Abstract

Multisensory stimulus combinations trigger shorter reaction times (RTs) than individual single-modality stimuli. It has been suggested that this inter-sensory facilitation effect is found exclusively for semantically congruent stimuli, because incongruity would prevent multisensory integration. Here we provide evidence that the effect of incongruity is due to a change in response caution rather than prevention of stimulus integration.
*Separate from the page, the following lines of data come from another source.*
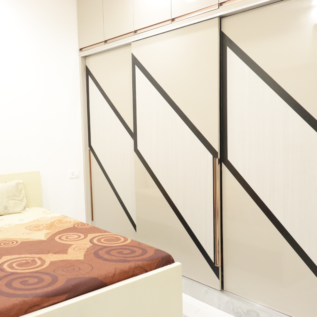 Guest bedroom in the ground floor with base requirement of wardrobe & TV unit along with COT.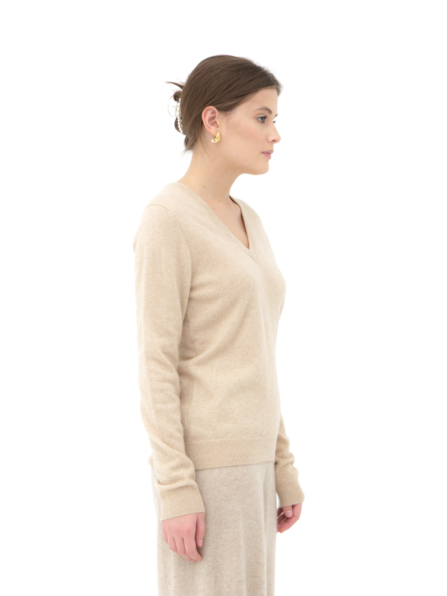 Модель выполнена в классическом прямом силуэте с аккуратным V-образным вырезом. Гладкая вязка подчёркивает благородную фактуру материала и делает изделие универсальным для разных стилей.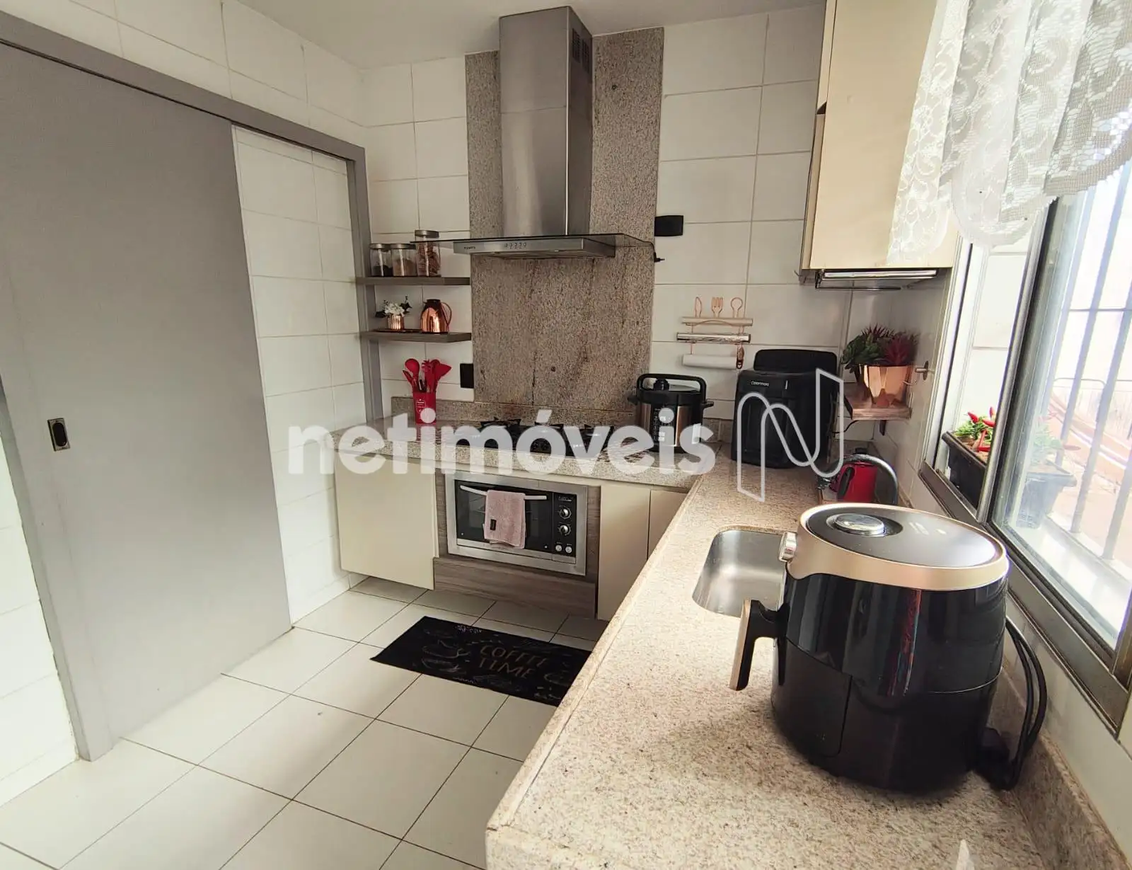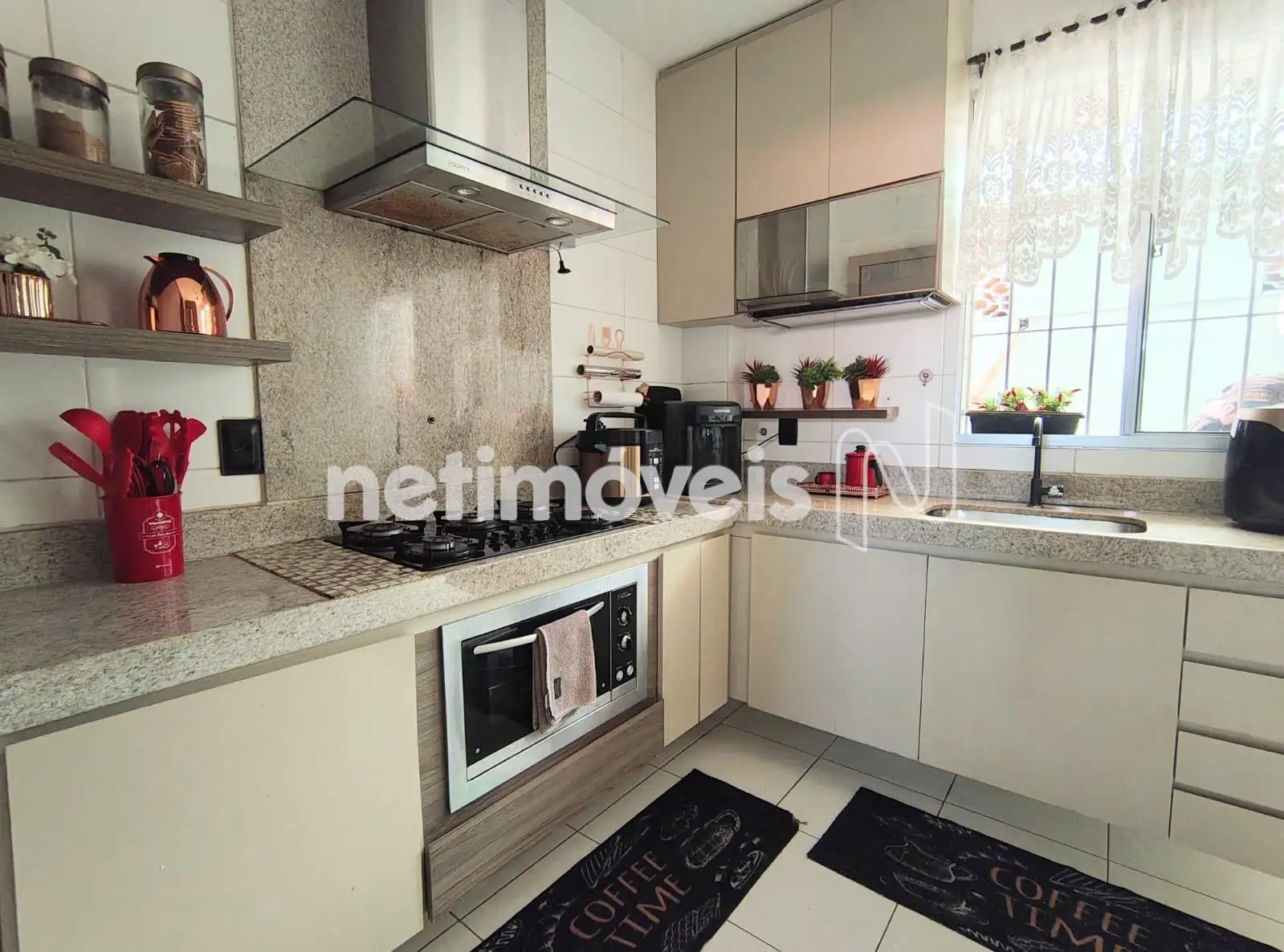 Cozinha montada com armários, fogão cooktop, forno embutido, coifa em inox.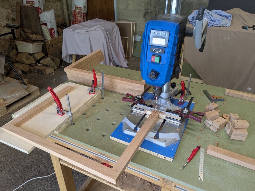 Bravo beau travail.Pour l alignement des tourillons , tu aurais pu utiliser un gabarit de perçage pour trouver le milieu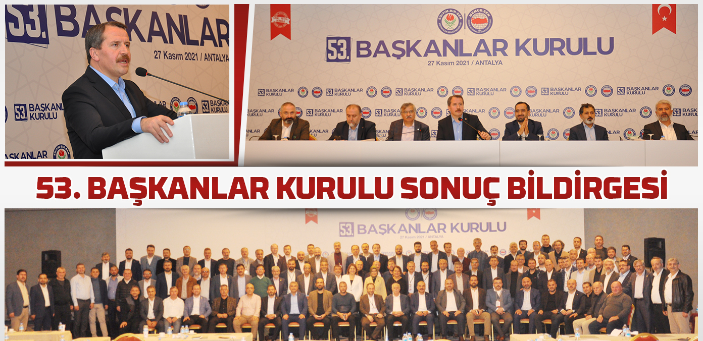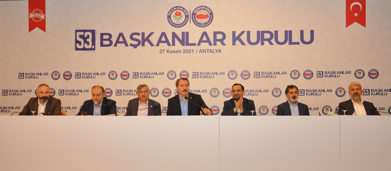 Eğitim-Bir-Sen 53. Başkanlar Kurulu Toplantısı Antalya’da yapıldı. Sendikal çalışmaların, eğitim çalışanlarının sorunlarının ve çözüm önerilerinin görüşüldüğü, istişarelerin yapıldığı toplantıda, acil çözüm bekleyen meselelere dikkat çekilerek, yetkililere çözüme ilişkin adım atılması çağrısında bulunuldu.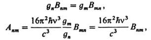 где gn(gт) - кратность вырождения энергетич. уровня n(m), с-скорость света. В мол. спектроскопии в качестве радиац. характеристики часто используется сила осциллятора fmn ~ vmnBmn. Коэф. Эйнштейна и силу осциллятора для мол. системы можно рассчитать, если известны волновые ф-ции исходных и конечных энергетич. состояний и оператор момента перехода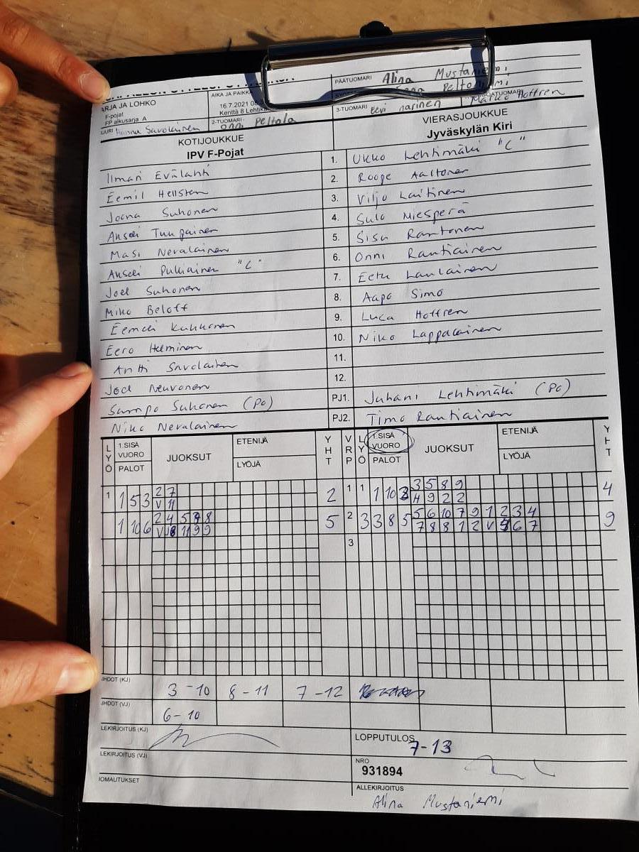 | 16.7.2021 08:30 | Kenttä 8 Lehtikankaan koulu kumirouhe | IPV F-Pojat | Jyväskylän Kiri | 7-13 | näytä |

In two experiments, participants performed two-alternative forced-choice decision tasks in which they categorized auditory stimuli, visual stimuli or audio-visual stimulus pairs. The pairs were either semantically congruent (e.g. ambulance image and horn sound) or incongruent (e.g. ambulance image and bell sound). Shorter RTs and violations of the race model inequality on congruent trials are in accordance with previous studies. However, Bayesian hierarchical drift diffusion analyses contradict former co-activation-based explanations of the effects of congruency. Instead, they show that longer RTs on incongruent compared to congruent trials are most likely the result of an incongruity caution effect-more cautious response behaviour in face of semantically incongruent sensory input. Further, they show that response caution can be adjusted on a trial-by-trial basis depending on incoming information. Finally, stimulus modality influenced non-cognitive components of the response. We suggest that the combined stimulus energy from simultaneously presented stimuli reduces encoding time.